## Time to get your hands dirty. The Tensorflow playground.


Today we'll play with the TensorFlow playground. We'll see it next time, but Tensorflow is one of the main open-source deep learning libraries.

The playground provides some datasets and let you see what's going on during the training process in a nice, intuitive way. 

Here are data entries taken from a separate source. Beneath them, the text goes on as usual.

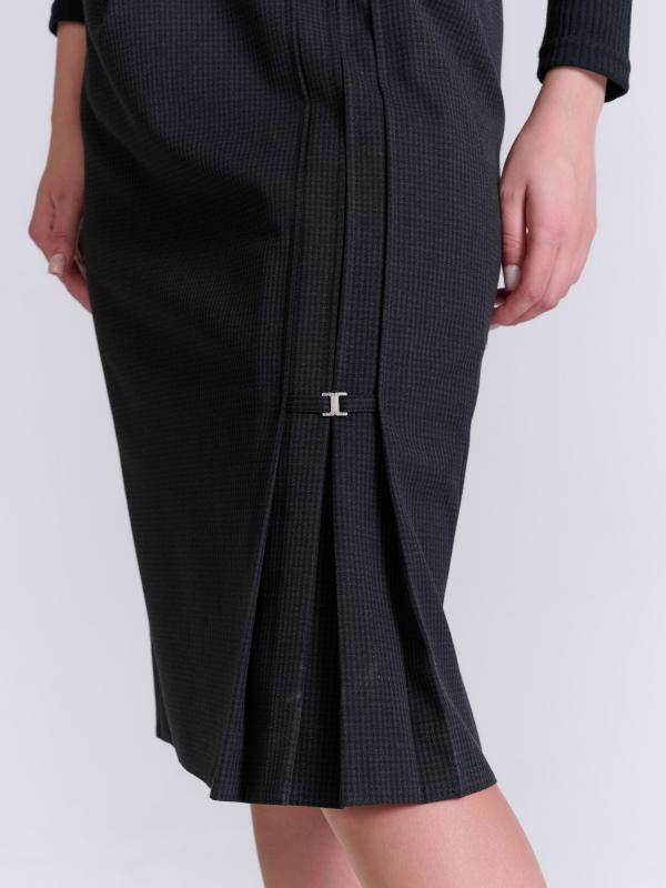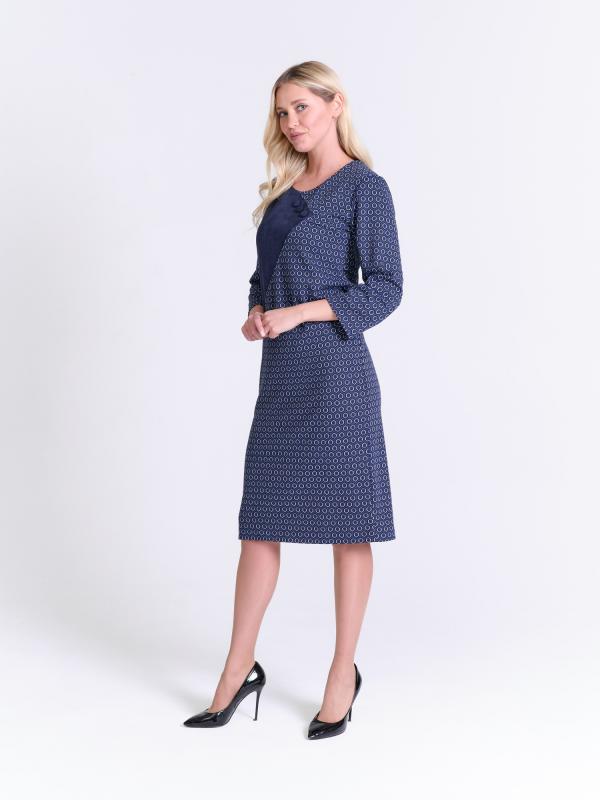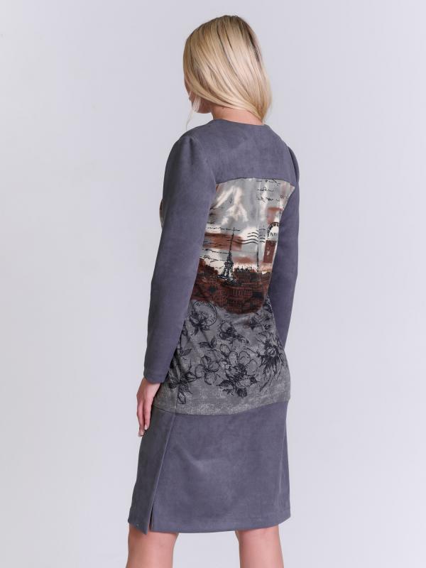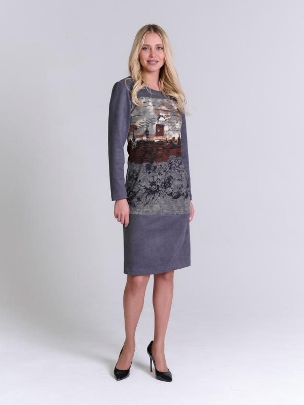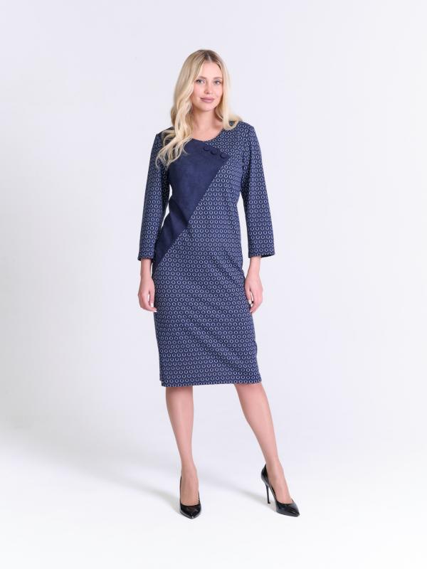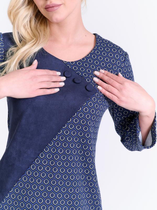 Женское платье с длинным рукавом, прямого силуэта, выполнено из трикотажного полотна в комбинации с искусственной замшей, декорировано по верху изделия пуговицами . Прекрасный повседневный офисный вариант.
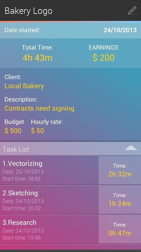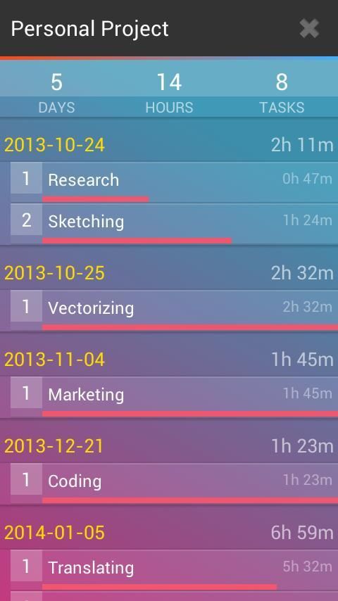 "TimeMachine" является расписания приложение для простого учета времени. Идеально подходит для фрилансеров, а также всех, кому необходимо отслеживать время, потраченное на работу над своими проектами, контролировать свое время, или просто хотите простую секундомер. Легко создавать задачи, измерять время, и назначить их проектов и клиентов. Нет необходимости в сложной конфигурации, просто нажмите на кнопку START, и вы можете начать запись времени. Особенности: - Отслеживание времени. - Простой, элегантный интерфейс - простой в использовании. - Управление проектами, задачами и клиентами. - Срок напоминания. - Прибыль расчета (на основе почасовой ставки) в выбранной валюте. - Вручную редактировать или введите время. - Резервное копирование и восстановление баз данных, - Экспорт данных в CSV. - Ежедневно, еженедельно и ежемесячно статистика. - Поддержка планшетных устройств. - Нет необходимости создания учетной записи и Войти.
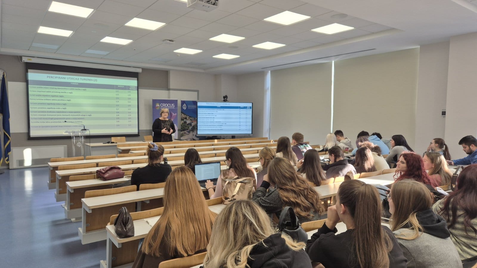 The lecture placed special emphasis on presenting the results of research conducted within the CROCUS project, which covers the cross-border areas of two municipalities: Matulji (Croatia) and Ilirska Bistrica (Slovenia). The lecture explored opportunities that encourage the development of cultural and creative tourism in rural and remote areas, with particular focus on border regions. The aim of the lecture was to familiarise young people—future tourism professionals—with the importance of sustainable development of rural cross-border areas and to highlight the significance of preserving cultural heritage as a foundation for innovative and sustainable tourism development.
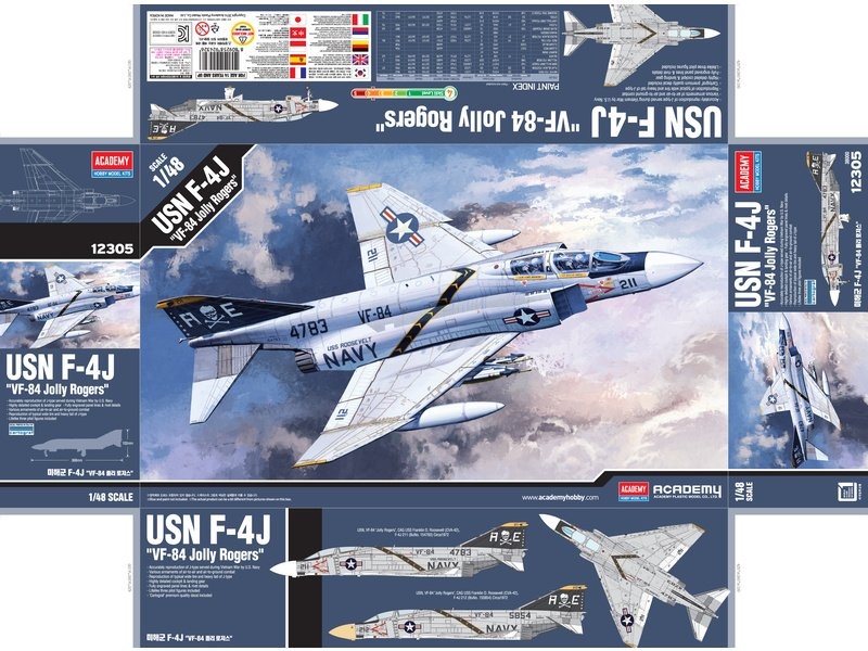 Academy plastikový model letadla McDonnell F-4J VF-84 Jolly ROgers v měřítku 1:48 ke slepení. Obtížnost 4, span 244 mm. Více informací
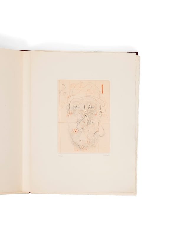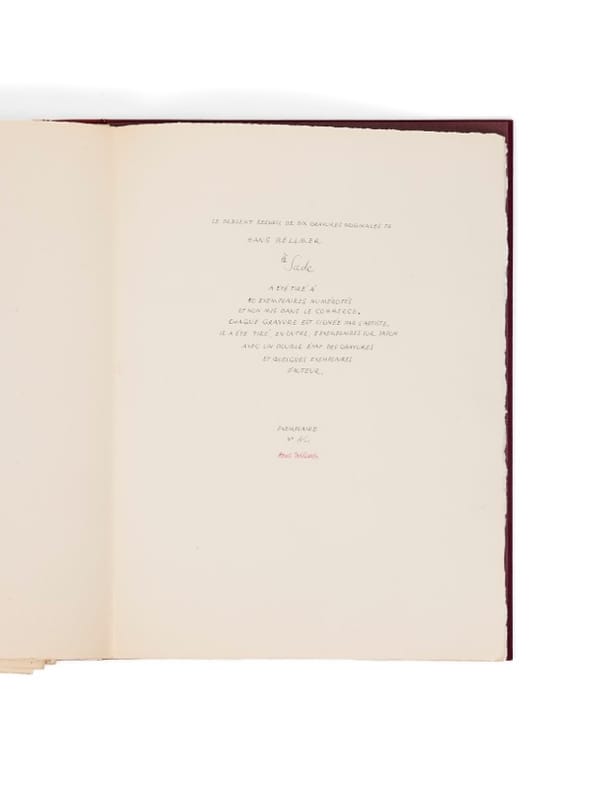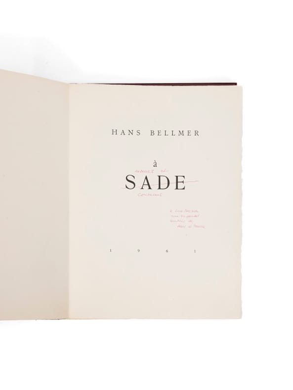 Depuis le début des années 30, Hans Bellmer s'intéresse à l'oeuvre de Sade : « j'ai l'intention de me consacrer intensément à l'oeuvre de Sade, en plusieurs projets d'illustration des 120 journées de Sodome et de La Philosophie dans le boudoir », qui resteront inachevés. Cependant, Bellmer réalisera des dessins qui lui serviront, ultérieurement, pour la réalisation de ses deux grandes suites rendant hommage à Sade : À Sade (1961) et Petit traité de morale (1968). Dans ces deux ouvrages, les épreuves résultent de la surimpression de deux cuivres gravés. Pour les exemplaires en couleurs, elles sont donc en deux teintes variables selon chaque planche ; « chacun dans une couleur différente - combin[ant] les images par condensation au sens freudien du terme, créant ainsi des gravures totalement différentes malgré la répétition des cuivres » (Flahutez, op. cit.). Le tirage de À Sade est limité à 55 exemplaires en noir (dont 5 sur Japon), auxquelles s'ajoutent 20 suites d'auteur en deux couleurs, justifiées au crayon à la main, tirées à part sur vélin d'Arches. Luce Barbier est la fille de Charles-Henri Barbier, ami d'enfance nantais de Claude Cahun ; cette dernière et Suzanne Malherbe en feront leur légataire universel. Plusieurs oeuvres de Bellmer des collections du Centre Pompidou sont entrées en dation via Luce et Bettina Barbier, en 2001. Le feuillet de justification de cet exemplaire a été entièrement exceptionnellement composé et autographié par Bellmer. On connaît, pour ces exemplaires en couleurs, trois autres portant également le titre modifié. Ils ont en revanche une justification imprimée. Pierre Dourthe, Bellmer, pp. 224-238 ; Bibliothèque Filipacchi, Hans Bellmer, 16-17 ; Dutel 942 ; Eros invaincu 117 ; Collection Gérard Nordman, II, n° 76 ; Pierre Dourthe, Bellmer, le principe de perversion, Paris, 1999, n° 330 ; Hans Bellmer. Anatomie du désir, Paris, Centre Pompidou, 2006, n° 216, p. 21 ; Fabrice Flahutez, Hans Bellmer : l’anagramme et l’estampe au service d’un rêve surréaliste, 2003, n° 52, p. 79-94

- We have a function $f(x_1,x_2)$ that returns +1 (blue) or -1 (orange).
- We are given a dataset and split it into training and testing. 
- Hit play, and the network starts training.
- The thickness of the line tells you how much that synapis contributes to the training.
- You can monitor progress on the top-right.
- The goal of the game is to minimize the loss function **on the test set** (I don't care about the loss function on the training set!).
- You can change everything but the type of problem, the test/train ratio, and the noise level.
- So feel free to play with activation function, number of layers, number of neuron per layers, learning rate, regularization, incoming features (data augmentation), etc. 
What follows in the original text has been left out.